• _What is needed_
Only the pictures should be dropped; every line of the data must come back exactly as written.

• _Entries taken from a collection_
* * *
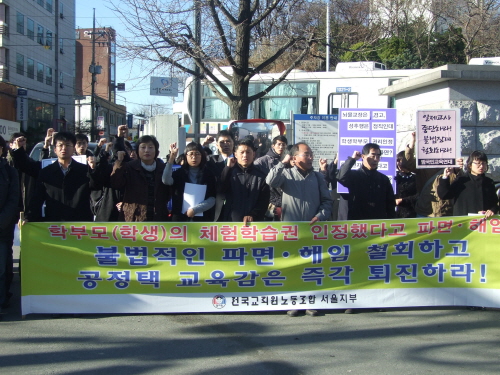 이어 전국교직원노조의 기자회견이 시작됐다. 기자회견이 한참 진행되고 있을 때 초등학생이 천진난만한 모습으로 기자회견장 앞을 지나쳤다. ‘불법적인 파면·해임 철회하고 공정택 교육감은 즉각 퇴진하라’는 현수막을 들고 앞자리에 서 있던 한 선생님은 기자회견문을 읽는 것도 잊고 아이가 골목을 돌아 나갈 때까지 바라보았다.
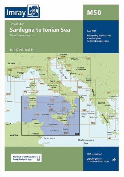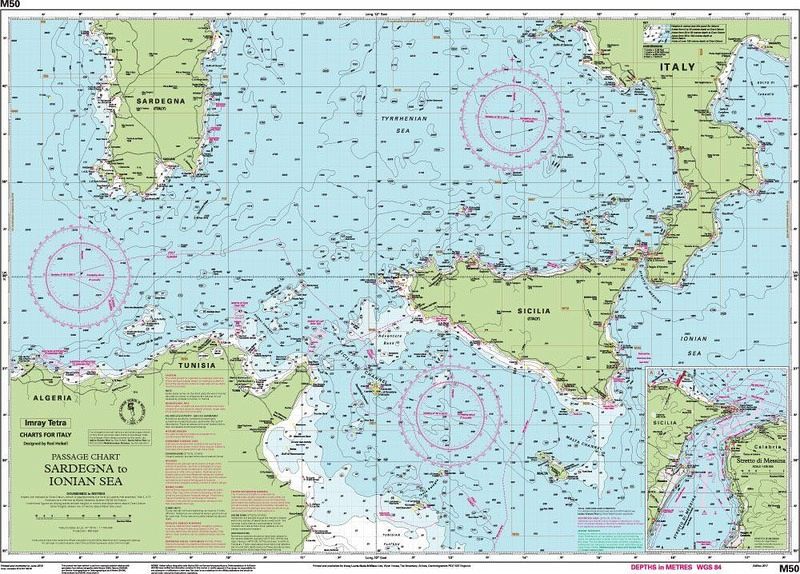Plans included:Stretto di Messina (1:125 000)On this 2017 edition the two new Traffic Separation Schemes off the Algerian coast are shown. The chart specification has been improved to show coloured light flashes. There has been general updating throughout.
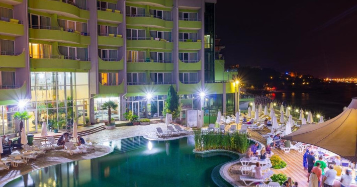 Localizare: Mpm Arsena Hotel se afla in prima linie de hoteluri, pe plaja. Plaja se afla la 20 de metri, iar centrul orasului la 200 metri. Facilitati hotel: Hotelul pune la dispozitia turistilor restaurant principal, lobby bar, bar la piscina, snack bar, bar pe plaja, piscina exterioara cu sectiune pentru copii, biliard, internet WiFi (in lobby bar, la piscina si in receptie), programe de animatie, fitness, sauna, masaj, camera de relaxare, baie turceasca, sala de conferinte dotata cu sistem multimedia si sonorizare, parcare (contra cost). Facilitati pentru copii: animatie pentru copii. Dotari camere: Camerele sunt dotate cu fotoliu, TV, telefon, seif (contra cost), balcon, internet WiFi (contra cost), birou, frigider, baie cu cada, uscator de par. Pagina web: https://mpmhotels.bg/hotel/hotel-arsena/
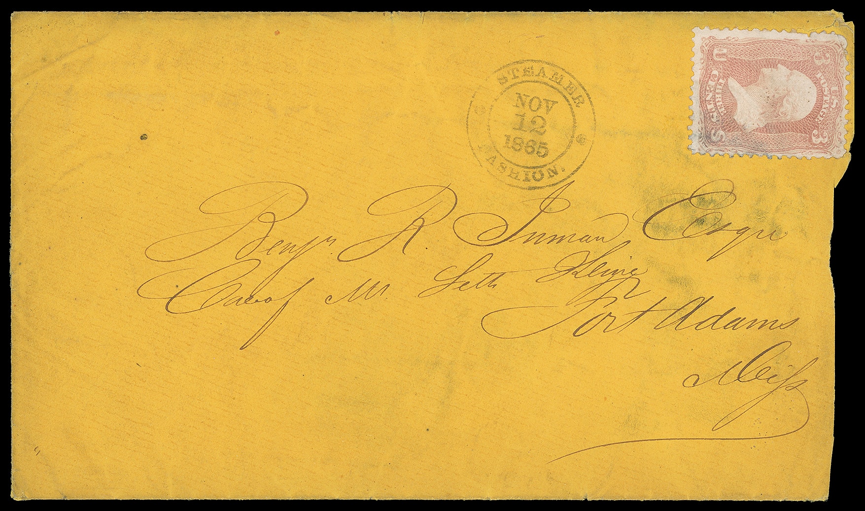 (Mississippi River). Complete "Nov 12 1865" double circle handstamp on cover bearing 3¢ rose (65), small faults, tied by soiling to Fort Adams, Miss.; roughly opened along right edge, Fine and scarce. Milgram No. 456; Estimate $50
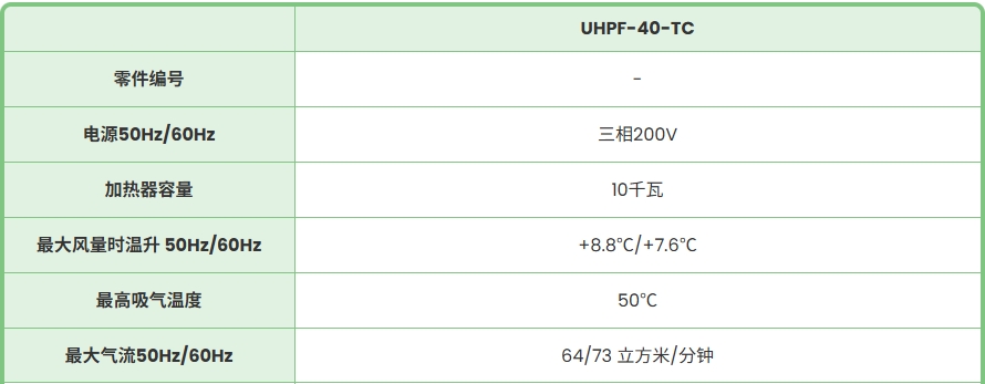 產(chǎn)品簡介: UHPF-40-TC 電源50Hz/60Hz 三相200V 加熱器容量 10千瓦 最大風(fēng)量時(shí)溫升 50Hz/60Hz +8.8℃/+7.6℃ 最高吸氣溫度 50℃ 最大氣流50Hz/60Hz 64/73 立方米/分鐘
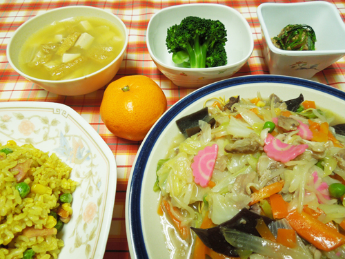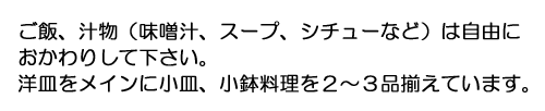 ご飯とお味噌汁は食べ放題です。夜間の学生さんや部活やゼミなどで食事が遅くなる人にも対応できます。毎日の食事は健康の基礎で、生活の楽しみでもあります。豊富なメニュー、栄養のバランス、学生さんの好みを考え、手作りで調理しています。ボリュームも有ります。おいしく召し上がって下さい。
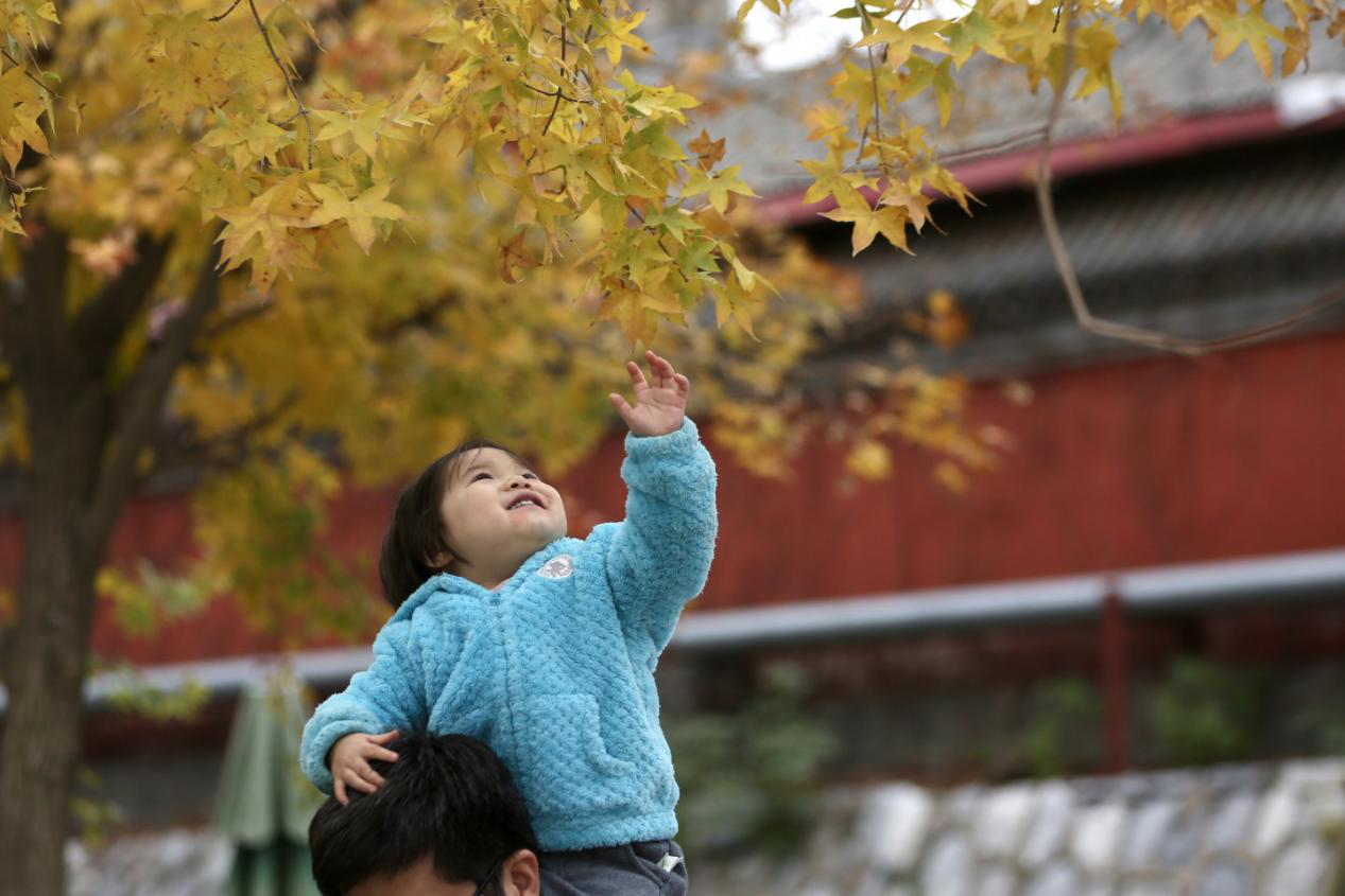 2019年11月16日,北京市西城区天宁1号文化科技创新园内,一名坐在爸爸肩上的小女孩伸手摘树上的黄叶。新京报记者 郑新洽 摄
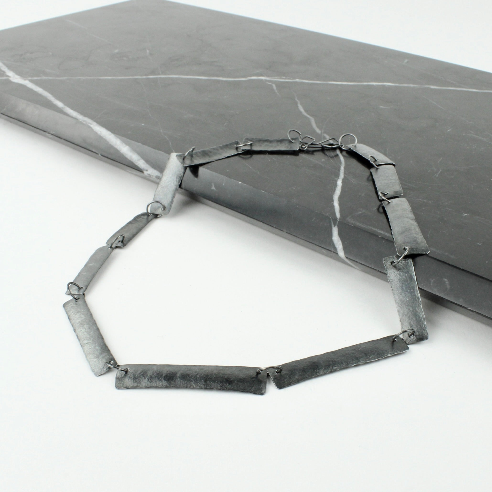 Ilse-Marie Erl enjoys exploring the tactile qualities of jewellery and playing with rhythm and texture. She finds inspiration for her work in her immediate environment where she moves between a busy urban life and a beautiful natural habitat. These urban and natural formal qualities are reflected in her designs.
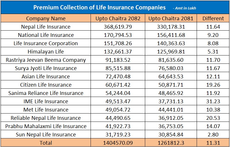 त्यस्तै, नेशनल लाइफले १७ अर्ब ७ करोड, एलआइसी नेपालले १५ अर्ब १७ करोड, हिमालयन लाइफले १३ अर्ब २६ करोड, राष्ट्रिय जीवन बीमा कम्पनीले ९ अर्ब ११ करोड, सूर्यज्योति लाइफले ८ अर्ब ५५ करोड, एशियन लाइफले ७ अर्ब २४ करोड, सिटिजन लाइफले ६ अर्ब ६ करोड, सानिमा रिलायन्स लाइफले ५ र्ब ४२ करोड, आइएमई लाइफले ४ अर्ब ९्र५ करोड, मेट लाइफले ४ अर्ब ९० करोड, रिलायबल नेपाल लाइफले ४ अर्ब ४४ करोड, प्रभु महालक्ष्मी लाइफले ४ अर्ब १९ करोड र सन नेपाल लाइफले ३ अर्ब १७ करोड रुपैयाँ बराबरको प्रिमियम संकलन गरेका छन् ।
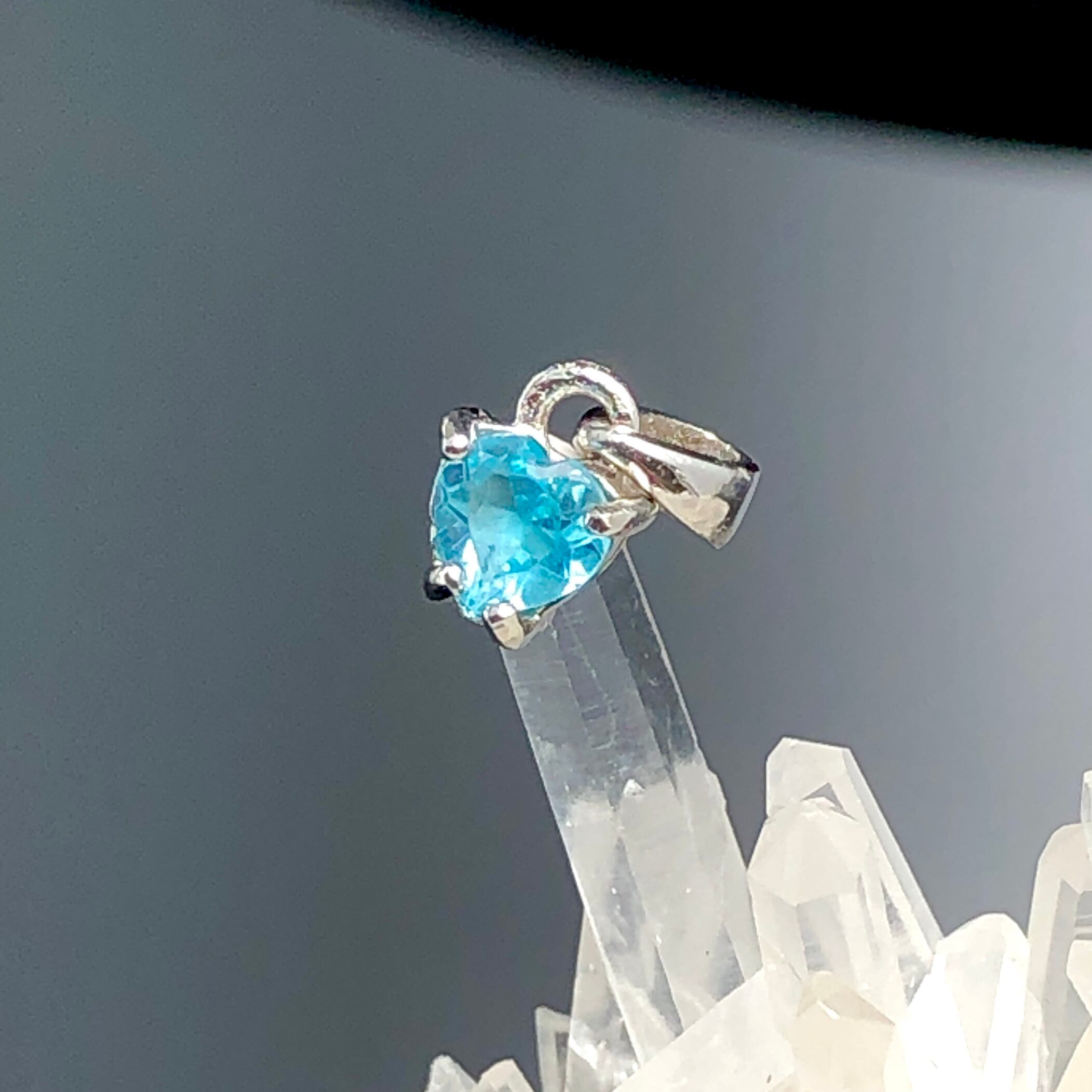 透き通るようなブルーカラーが美しいアパタイトハート型ペンダントトップ。
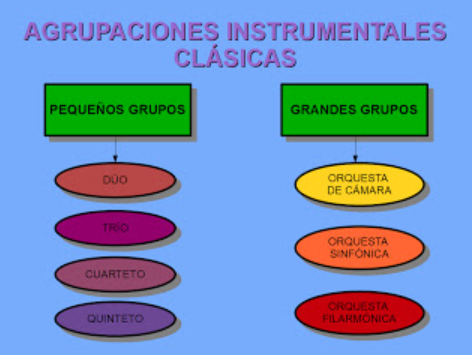 Tres tipos principales: 1.- Agrupaciones del mismo instrumento. 2.- Agrupaciones formadas por algunas familias de instrumentos, como la banda o la orquesta de cuerda. 3.- Agrupaciones formadas por instrumentos de todas las familias, como la orquesta sinfónica o banda sinfónica.
* * *
• _Answer space_
 이어 전국교직원노조의 기자회견이 시작됐다. 기자회견이 한참 진행되고 있을 때 초등학생이 천진난만한 모습으로 기자회견장 앞을 지나쳤다. ‘불법적인 파면·해임 철회하고 공정택 교육감은 즉각 퇴진하라’는 현수막을 들고 앞자리에 서 있던 한 선생님은 기자회견문을 읽는 것도 잊고 아이가 골목을 돌아 나갈 때까지 바라보았다.
Plans included:Stretto di Messina (1:125 000)On this 2017 edition the two new Traffic Separation Schemes off the Algerian coast are shown. The chart specification has been improved to show coloured light flashes. There has been general updating throughout.
 Localizare: Mpm Arsena Hotel se afla in prima linie de hoteluri, pe plaja. Plaja se afla la 20 de metri, iar centrul orasului la 200 metri. Facilitati hotel: Hotelul pune la dispozitia turistilor restaurant principal, lobby bar, bar la piscina, snack bar, bar pe plaja, piscina exterioara cu sectiune pentru copii, biliard, internet WiFi (in lobby bar, la piscina si in receptie), programe de animatie, fitness, sauna, masaj, camera de relaxare, baie turceasca, sala de conferinte dotata cu sistem multimedia si sonorizare, parcare (contra cost). Facilitati pentru copii: animatie pentru copii. Dotari camere: Camerele sunt dotate cu fotoliu, TV, telefon, seif (contra cost), balcon, internet WiFi (contra cost), birou, frigider, baie cu cada, uscator de par. Pagina web: https://mpmhotels.bg/hotel/hotel-arsena/
 (Mississippi River). Complete "Nov 12 1865" double circle handstamp on cover bearing 3¢ rose (65), small faults, tied by soiling to Fort Adams, Miss.; roughly opened along right edge, Fine and scarce. Milgram No. 456; Estimate $50
 產(chǎn)品簡介: UHPF-40-TC 電源50Hz/60Hz 三相200V 加熱器容量 10千瓦 最大風(fēng)量時(shí)溫升 50Hz/60Hz +8.8℃/+7.6℃ 最高吸氣溫度 50℃ 最大氣流50Hz/60Hz 64/73 立方米/分鐘
 ご飯とお味噌汁は食べ放題です。夜間の学生さんや部活やゼミなどで食事が遅くなる人にも対応できます。毎日の食事は健康の基礎で、生活の楽しみでもあります。豊富なメニュー、栄養のバランス、学生さんの好みを考え、手作りで調理しています。ボリュームも有ります。おいしく召し上がって下さい。
 2019年11月16日,北京市西城区天宁1号文化科技创新园内,一名坐在爸爸肩上的小女孩伸手摘树上的黄叶。新京报记者 郑新洽 摄
 Ilse-Marie Erl enjoys exploring the tactile qualities of jewellery and playing with rhythm and texture. She finds inspiration for her work in her immediate environment where she moves between a busy urban life and a beautiful natural habitat. These urban and natural formal qualities are reflected in her designs.
 त्यस्तै, नेशनल लाइफले १७ अर्ब ७ करोड, एलआइसी नेपालले १५ अर्ब १७ करोड, हिमालयन लाइफले १३ अर्ब २६ करोड, राष्ट्रिय जीवन बीमा कम्पनीले ९ अर्ब ११ करोड, सूर्यज्योति लाइफले ८ अर्ब ५५ करोड, एशियन लाइफले ७ अर्ब २४ करोड, सिटिजन लाइफले ६ अर्ब ६ करोड, सानिमा रिलायन्स लाइफले ५ र्ब ४२ करोड, आइएमई लाइफले ४ अर्ब ९्र५ करोड, मेट लाइफले ४ अर्ब ९० करोड, रिलायबल नेपाल लाइफले ४ अर्ब ४४ करोड, प्रभु महालक्ष्मी लाइफले ४ अर्ब १९ करोड र सन नेपाल लाइफले ३ अर्ब १७ करोड रुपैयाँ बराबरको प्रिमियम संकलन गरेका छन् ।
 透き通るようなブルーカラーが美しいアパタイトハート型ペンダントトップ。
 Tres tipos principales: 1.- Agrupaciones del mismo instrumento. 2.- Agrupaciones formadas por algunas familias de instrumentos, como la banda o la orquesta de cuerda. 3.- Agrupaciones formadas por instrumentos de todas las familias, como la orquesta sinfónica o banda sinfónica.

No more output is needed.